Sequential Data as Variable-Length Objects

A sequence can be written as

x_{1 : T} = (x_{1}, x_{2}, \dots, x_{T}),

where each element $x_{t} \in R^{d}$ represents the observation at position or time step $t$ , and $T$ denotes the sequence length.

Example: a trajectory as a sequence

Consider the trajectory of a moving point observed at three consecutive time steps. If each observation records the horizontal and vertical position of the point, the sequence can be written as
$x_{1 : 3} = (x_{1}, x_{2}, x_{3}),$
where, for example,
$x_{1} = (2.0, 1.0), x_{2} = (2.5, 1.4), x_{3} = (3.1, 1.9) .$
In this case, each $x_{t} \in R^{2}$ contains two coordinates, so $d = 2$ , and the sequence length is $T = 3$ .

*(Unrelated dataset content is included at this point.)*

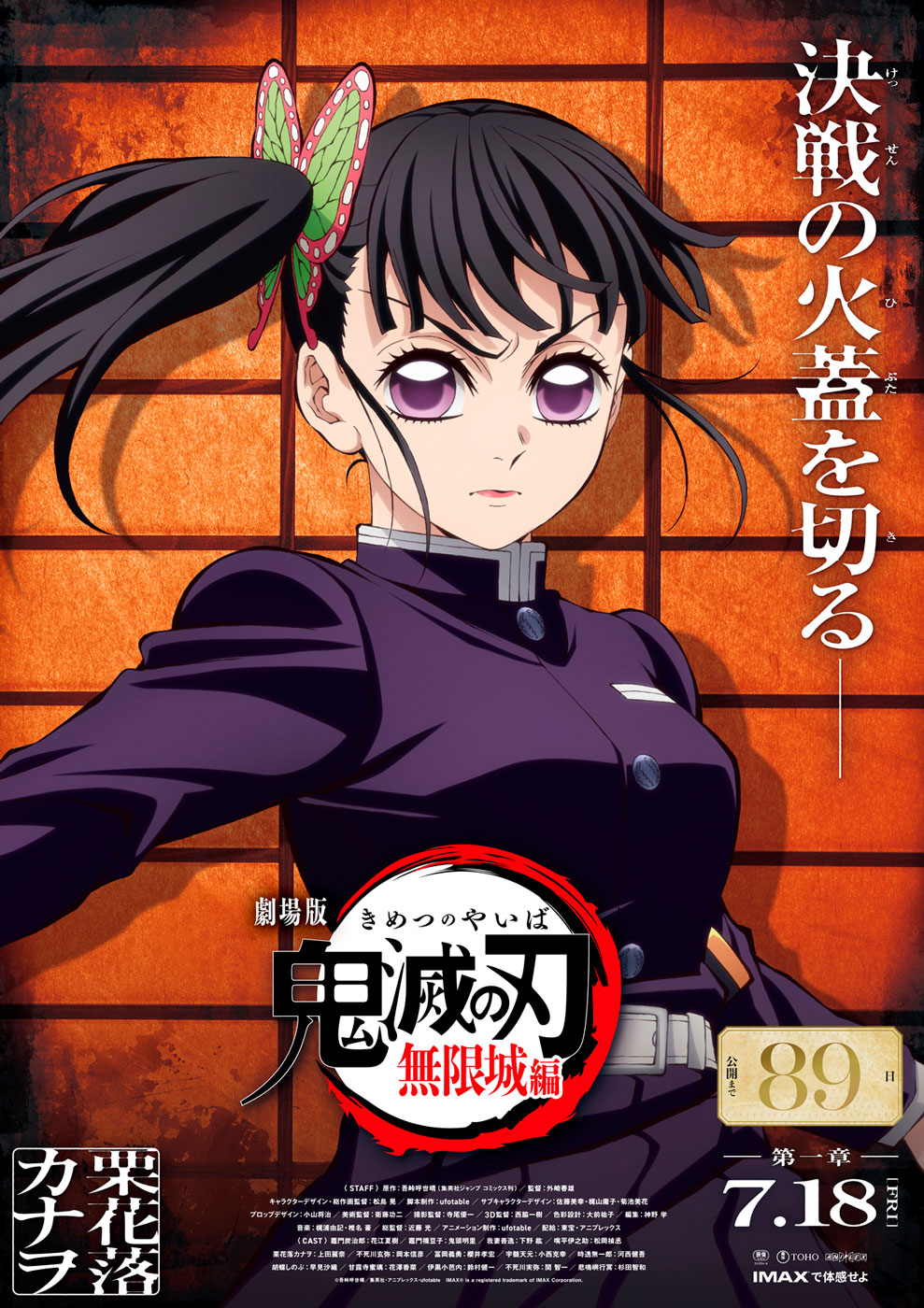 Este arte forma parte de una serie de pósters con cuenta regresiva que ha incluido ya a personajes clave como Tanjiro Kamado (97 días), Zenitsu Agatsuma (96 días) e Inosuke Hashibira (90 días). Ahora, es el turno de Kanao, cuyo retrato se presenta frente a un fondo cargado con la estética tétrica y majestuosa del Castillo Infinito.

The crucial point is that $T$ is not generally fixed. A sentence may contain five words or fifty words. An audio clip may last one second or ten seconds. A trajectory may contain a short or long history of observed positions. A video may contain a variable number of frames.

Therefore, a sequence model should ideally define a computation that remains meaningful for arbitrary lengths:

f_{θ} : T \geq 1 ⋃ (R^{d})^{T} ⟶ Y .

The formula looks more abstract than it is. Read piece by piece:

$(R^{d})^{T}$ is the space of sequences of exactly length $T$ , where each of the $T$ elements is a vector in $R^{d}$ . Concretely, $(R^{d})^{1}$ is just $R^{d}$ , $(R^{d})^{2}$ is the space of pairs of $d$ -dimensional vectors, and so on.
$⋃_{T \geq 1}$ is a union: it collects together the space of length- $1$ sequences, the space of length- $2$ sequences, the space of length- $3$ sequences, and so on, into a single domain.
$f_{θ}$ takes as input any sequence drawn from this union, with the length $T$ allowed to vary from example to example, and produces an output in $Y$ . The output space $Y$ depends on the task: a single label, a probability vector, another sequence, and so on.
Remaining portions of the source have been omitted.